* [PROBLEM STATEMENT]: Write again exactly the lines in the listing below, starting at the line with "Antes del discurso" and ending at the line with "100% Polyester. Farblich", both included. Pictures are not copied.

* [GIVEN RECORDS]:
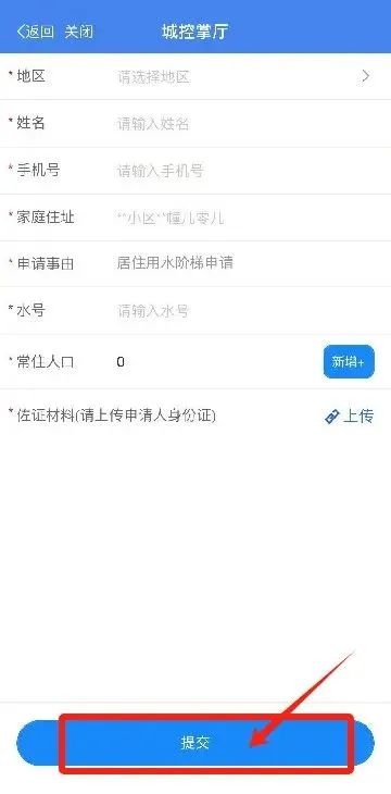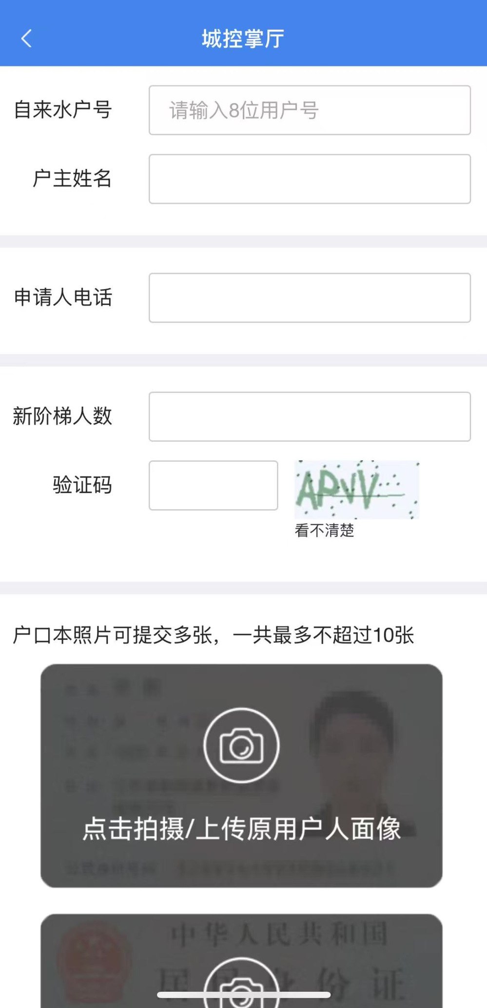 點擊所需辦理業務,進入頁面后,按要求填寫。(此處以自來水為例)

==

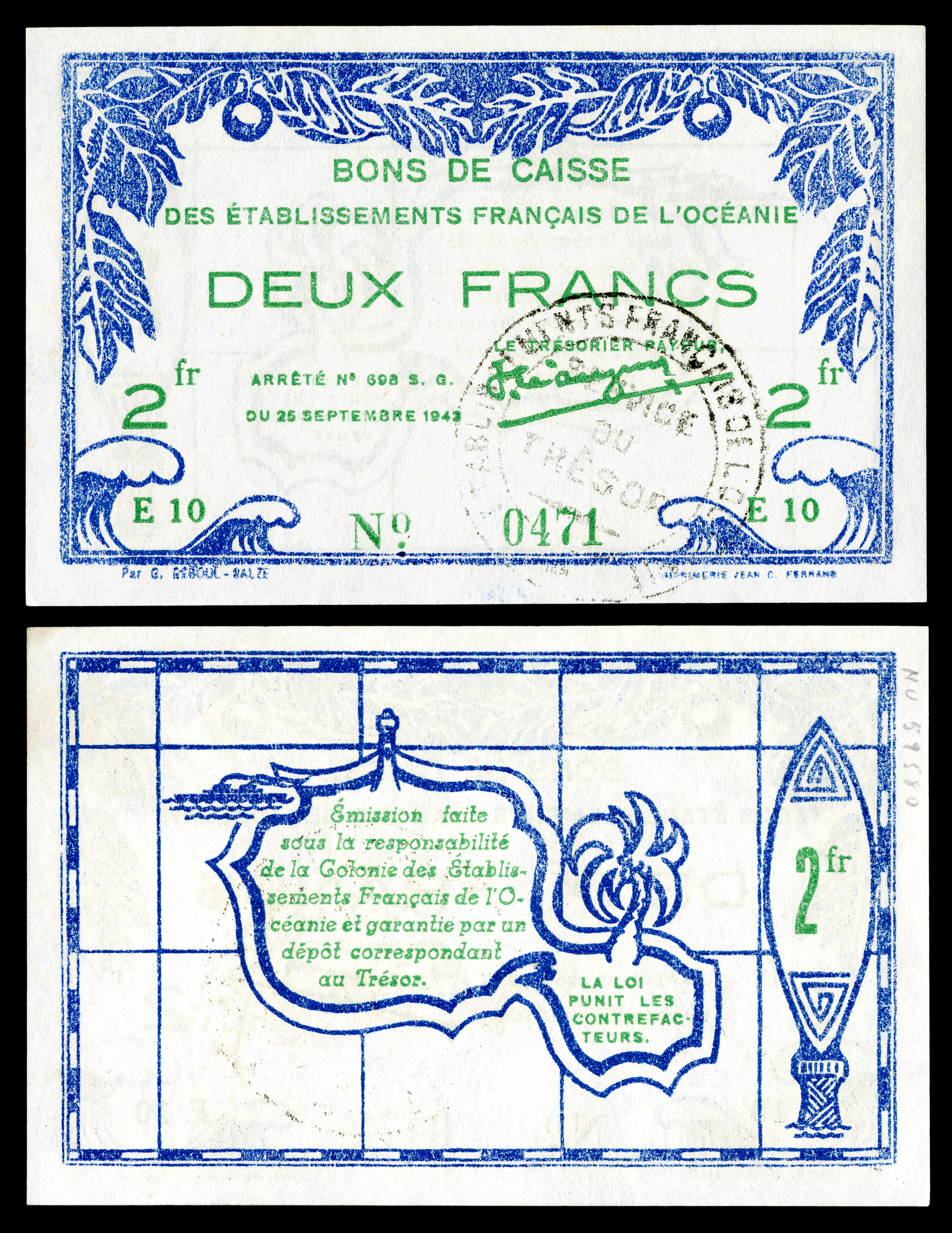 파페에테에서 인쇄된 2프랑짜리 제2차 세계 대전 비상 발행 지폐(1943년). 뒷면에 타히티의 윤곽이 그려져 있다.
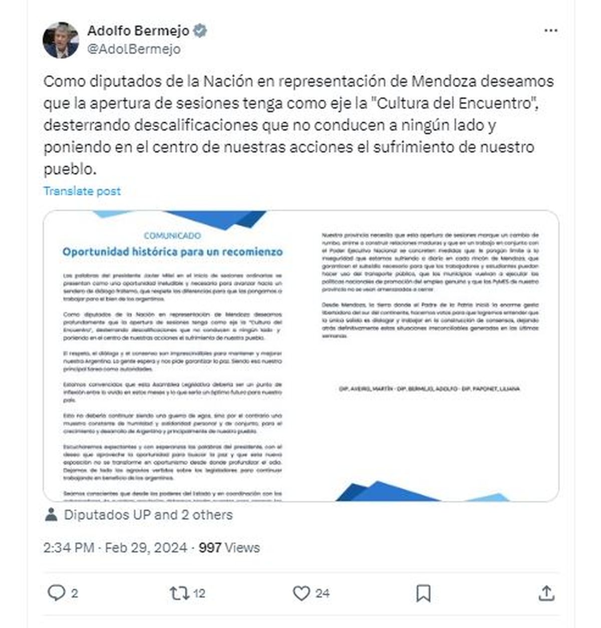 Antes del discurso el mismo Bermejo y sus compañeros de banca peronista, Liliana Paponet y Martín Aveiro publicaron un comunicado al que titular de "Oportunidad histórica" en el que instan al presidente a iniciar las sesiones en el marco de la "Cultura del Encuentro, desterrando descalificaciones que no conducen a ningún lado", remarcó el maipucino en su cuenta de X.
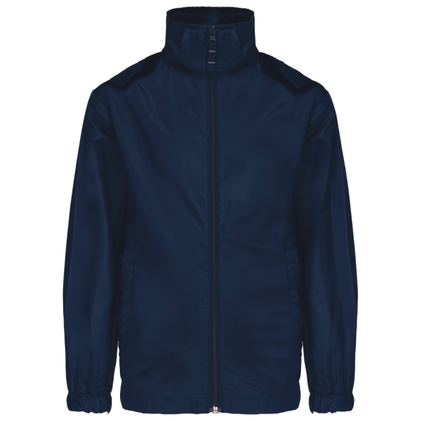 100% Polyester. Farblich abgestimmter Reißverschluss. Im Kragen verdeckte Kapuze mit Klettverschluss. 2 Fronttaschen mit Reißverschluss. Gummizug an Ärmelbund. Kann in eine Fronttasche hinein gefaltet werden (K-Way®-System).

* [RESPONSE TO THIS TASK]:
 Antes del discurso el mismo Bermejo y sus compañeros de banca peronista, Liliana Paponet y Martín Aveiro publicaron un comunicado al que titular de "Oportunidad histórica" en el que instan al presidente a iniciar las sesiones en el marco de la "Cultura del Encuentro, desterrando descalificaciones que no conducen a ningún lado", remarcó el maipucino en su cuenta de X.
 100% Polyester. Farblich abgestimmter Reißverschluss. Im Kragen verdeckte Kapuze mit Klettverschluss. 2 Fronttaschen mit Reißverschluss. Gummizug an Ärmelbund. Kann in eine Fronttasche hinein gefaltet werden (K-Way®-System).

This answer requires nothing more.